JOHN CAMPBELL, THAMES VALLEY POLICE: I'm not in a position to talk about the man who's been arrested or give any further details about this case as this is a live counterterrorism investigation.

ROBERTSON: Four officials in Reading known locally as the U.K.'s largest town, population close to a 1/4 million. The concern now a possible community backlash.

JASON BROCK, READING BOROUGH COUNCIL LEADER: People will feel uncertain, they'll feel afraid, indeed many people will feel angry. And as a council we've got an important thing to do, working with the police and other partners to engage the local community, understand how they're feeling and seek to provide reassurance to them as we move forward.

ROBERTSON: Police say residents will see more officers on their streets in coming days. The Prime Minister Boris Johnson appearing to indicate not for the first-time warning signs of terror trouble when missed.

BORIS JOHNSON, BRITISH PRIME MINISTER: If there are lessons to be learned, if there are changes that need to be made to our legal system to stop such events happening again, we will not hesitate to take that action.

[04:25:00]

ROBERTSON: The lesson for many people here coming out of lockdown, and only allowed to meet friends outdoors is how safe will they be.

(END VIDEOTAPE)

ROBERTSON: And we're beginning to learn new details about some of the victims. One of them, James Furlong, a teacher at a local school. He was the head of a history, politics and governance department at hat school. Friends and family have described him as a kind man, a gentle man, some who were talented and inspirational to the students, who wanted to teach them about the world and how the world worked. So a sad loss. We're learning more about the victims.
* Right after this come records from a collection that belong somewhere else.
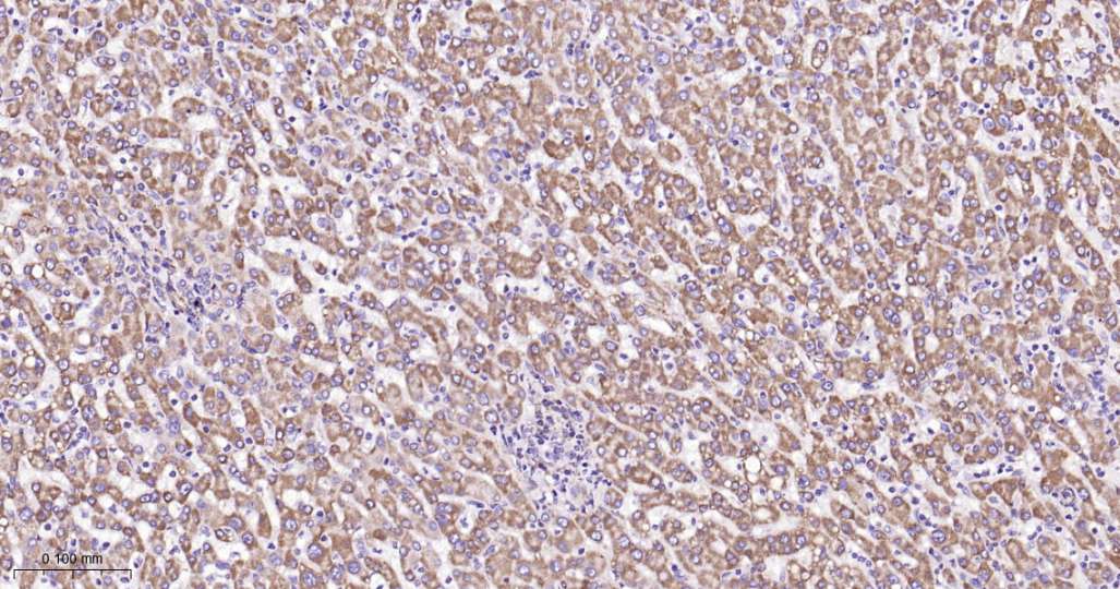 Immunohistochemical analysis of paraffin embedded Human liver tissue slide using IHC0508 (GCLM Kit).
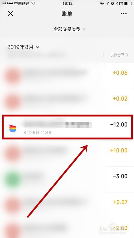在账单中找到你需要退条目的那笔账单,点击进去。
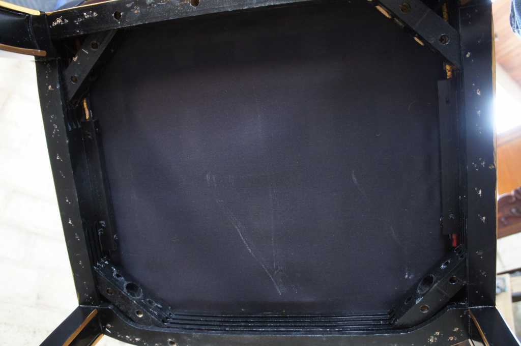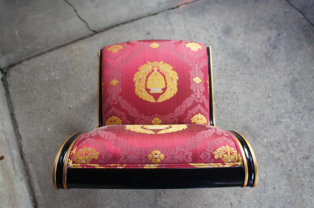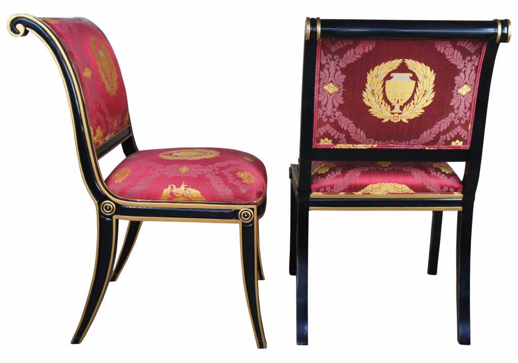 A beautiful pair regency style black and gold dining or side chairs. Features a sleigh shaped back and traditional red sclamandre fabric with urns at the center. Attributed to Maitland-smith or Henredon, however the paperwork was lost.
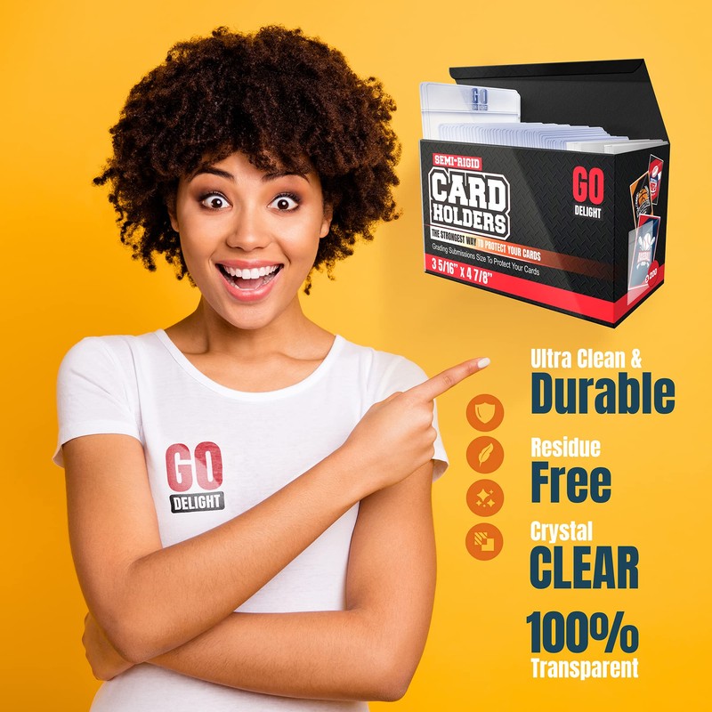 - ✔ HIGH PROTECTION: Every collector knows the heartbreak of damaged cards. Our trading card sleeves are here to prevent just that. With Go Delight's perfect fit card sleeves, safeguard your most prized cards from bending, fading, and those dreaded corner damages.
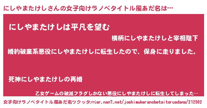 | 男性向けラノベタイトル風あだ名 | 『転生したらにしやまたけしだった件』 |
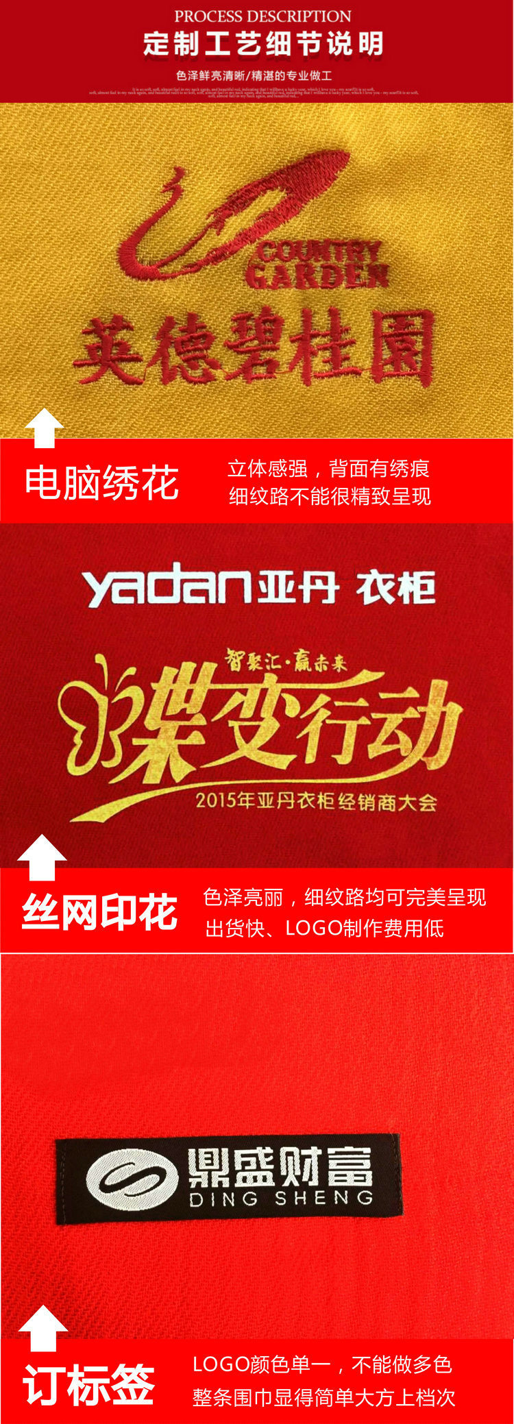 中国大红色围巾定logo刺绣制作做印字聚会活动公司年会红围巾披肩

CHURCH: Yes, that is heartbreaking, Nic Robertson bringing us the details. Many thanks to you.

And you are watching CNN NEWSROOM. We'll be right back.

(COMMERCIAL BREAK)

CHURCH: Silence is violence. No justice no peace. Some of the slogans chanted by hundreds of protesters who marched through London this weekend in support of the Black Lives Matter movement that has swept the globe. Now this is the fourth consecutive weekend of anti-racism protests in the U.K.

Extensive polling conducted by CNN in England, Scotland and Wales on the issue of racism has uncovered divisions between black and white people in their experience and attitudes towards race. The poll found Black people are twice as likely as white people to say there is discrimination in British policing, media and politics.

In this example, twice as many say they have experienced disrespect from police and think the country has not done enough to address racial injustice.